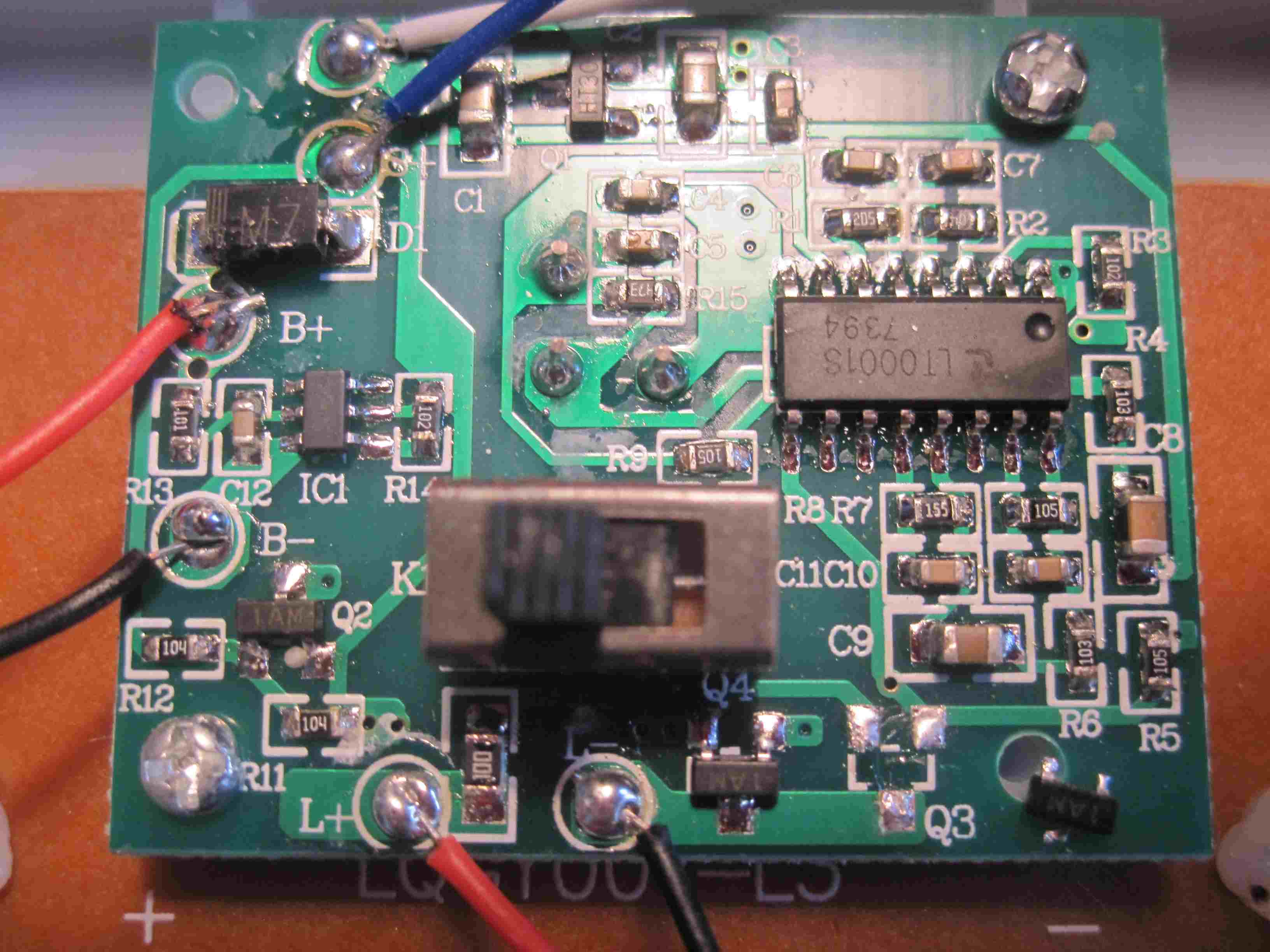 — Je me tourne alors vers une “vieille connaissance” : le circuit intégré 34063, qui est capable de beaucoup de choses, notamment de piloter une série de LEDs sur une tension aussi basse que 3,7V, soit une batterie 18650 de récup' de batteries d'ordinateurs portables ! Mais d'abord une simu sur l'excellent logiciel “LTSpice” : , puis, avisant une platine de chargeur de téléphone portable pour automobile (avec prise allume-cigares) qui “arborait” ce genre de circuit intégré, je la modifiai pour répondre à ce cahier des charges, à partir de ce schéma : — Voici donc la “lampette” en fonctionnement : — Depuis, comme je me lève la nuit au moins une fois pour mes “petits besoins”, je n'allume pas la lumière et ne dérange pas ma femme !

...

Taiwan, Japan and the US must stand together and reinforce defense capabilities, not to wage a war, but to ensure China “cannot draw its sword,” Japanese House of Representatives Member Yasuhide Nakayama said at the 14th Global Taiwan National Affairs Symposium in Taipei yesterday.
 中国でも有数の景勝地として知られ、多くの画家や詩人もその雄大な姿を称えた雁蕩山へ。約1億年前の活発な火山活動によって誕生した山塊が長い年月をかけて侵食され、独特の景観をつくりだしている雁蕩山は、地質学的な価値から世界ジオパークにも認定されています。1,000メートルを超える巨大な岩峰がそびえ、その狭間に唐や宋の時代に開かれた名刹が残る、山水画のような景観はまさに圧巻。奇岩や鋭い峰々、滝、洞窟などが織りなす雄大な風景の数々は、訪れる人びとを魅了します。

## Work order
Copy, exactly and only, the lines above that begin with the one containing "Taiwan, Japan and" and finish with the one containing "中国でも有数の景勝地として知".

## Written answer
Taiwan, Japan and the US must stand together and reinforce defense capabilities, not to wage a war, but to ensure China “cannot draw its sword,” Japanese House of Representatives Member Yasuhide Nakayama said at the 14th Global Taiwan National Affairs Symposium in Taipei yesterday.
 中国でも有数の景勝地として知られ、多くの画家や詩人もその雄大な姿を称えた雁蕩山へ。約1億年前の活発な火山活動によって誕生した山塊が長い年月をかけて侵食され、独特の景観をつくりだしている雁蕩山は、地質学的な価値から世界ジオパークにも認定されています。1,000メートルを超える巨大な岩峰がそびえ、その狭間に唐や宋の時代に開かれた名刹が残る、山水画のような景観はまさに圧巻。奇岩や鋭い峰々、滝、洞窟などが織りなす雄大な風景の数々は、訪れる人びとを魅了します。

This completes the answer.